The “I See It Everywhere” Phenomenon
Why Things Suddenly Appear Everywhere After You Discover Them
Imagine this scenario: You’ve finally decided to buy a new car, let’s say a specific model in “sky blue.” You thought this color was unique and rare. But, as soon as you drive off the lot, you start noticing something strange: the streets are suddenly filled with sky-blue cars!
Or perhaps you learned a new, strange word in the morning, only to be surprised that you heard it on the radio, read it in an article, and heard a friend use it that very same evening.
Is the world conspiring to suddenly show us these things? Or did everyone just decide to buy that car on the same day as you?
The answer lies in an amazing mental trick called the “Baader-Meinhof Phenomenon,” or its more accurate scientific name: the “Frequency Illusion.”
In this article, we will decode this phenomenon to understand how our mind decides what we should see and what we should ignore.
What Is This Phenomenon, Simply Put?
In short, it is the feeling that something (a word, a car, an idea, a person’s name) has suddenly started repeating and appearing everywhere at a very high rate, right after you first learned about it or paid attention to it.

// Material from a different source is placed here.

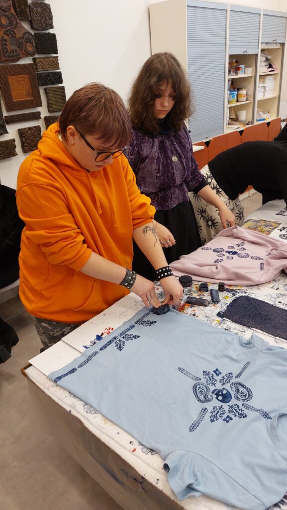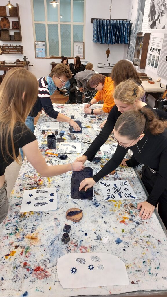 Pro žáky byla připravena také malá tiskařská dílna, kde si mohli pomocí ručně vyráběných forem ozdobit látku podle vlastní fantazie.
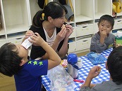 このゲームに勝つには、じゃんけんに勝つという運のよさ(?)と素早く動いてたくさんじゃんけんをするという頭と体の回転のよさも重要ですね。 後半は自分のやりたい遊びをじっくり楽しみました。 遊んだ後は、たんぽぽ組のお部屋で、友達やお母さん先生たちとおしゃべりを楽しみながら、大好きなおやつタイム!

The truth is, the frequency of this thing hasn’t actually increased in reality; the blue cars were always on the street in the same numbers. What changed are your mind’s “radars.”
How Does the Trick Work? (The Psychological Mechanism)
This phenomenon is the result of an interesting collaboration between two psychological mechanisms in your brain:
1. Selective Attention
Every second, your brain is exposed to a flood of information (sounds, colors, faces, signs). If you paid attention to everything, you’d go mad. Therefore, your brain acts as a powerful “filter,” ignoring 99% of the noise and focusing only on what matters to you.
When you bought the new car, your brain placed an “important” tag on this model and color. Suddenly, the filter stopped ignoring those cars and started “picking them out” from the crowd and highlighting them. You aren’t seeing more of them; you just stopped ignoring them.
2. Confirmation Bias
Once your brain starts noticing the thing, “confirmation bias” kicks in. Your brain loves to prove its new ideas right. Every time you see that car, your brain tells you: “See? I told you they are very common!” It actively looks for evidence to confirm your new observation and ignores hundreds of other cars with different colors.
Why Does This Happen?
This is not a flaw in your brain; it is an evolutionary advantage. Our minds are designed to recognize patterns. In ancient times, if you learned the shape of a “poisonous plant” or the “track of a predator,” it was essential for your survival to start seeing this pattern everywhere to avoid danger.
Today, your brain uses the same old mechanism to show you cars, or make you suddenly notice pregnant women everywhere once you start thinking about pregnancy!
The Takeaway: We See What We Care About
The “Baader-Meinhof” phenomenon is a humbling reminder that we do not see the world exactly “as it is” objectively. We see the world through the lens of our current interests, fears, and the things we have just learned.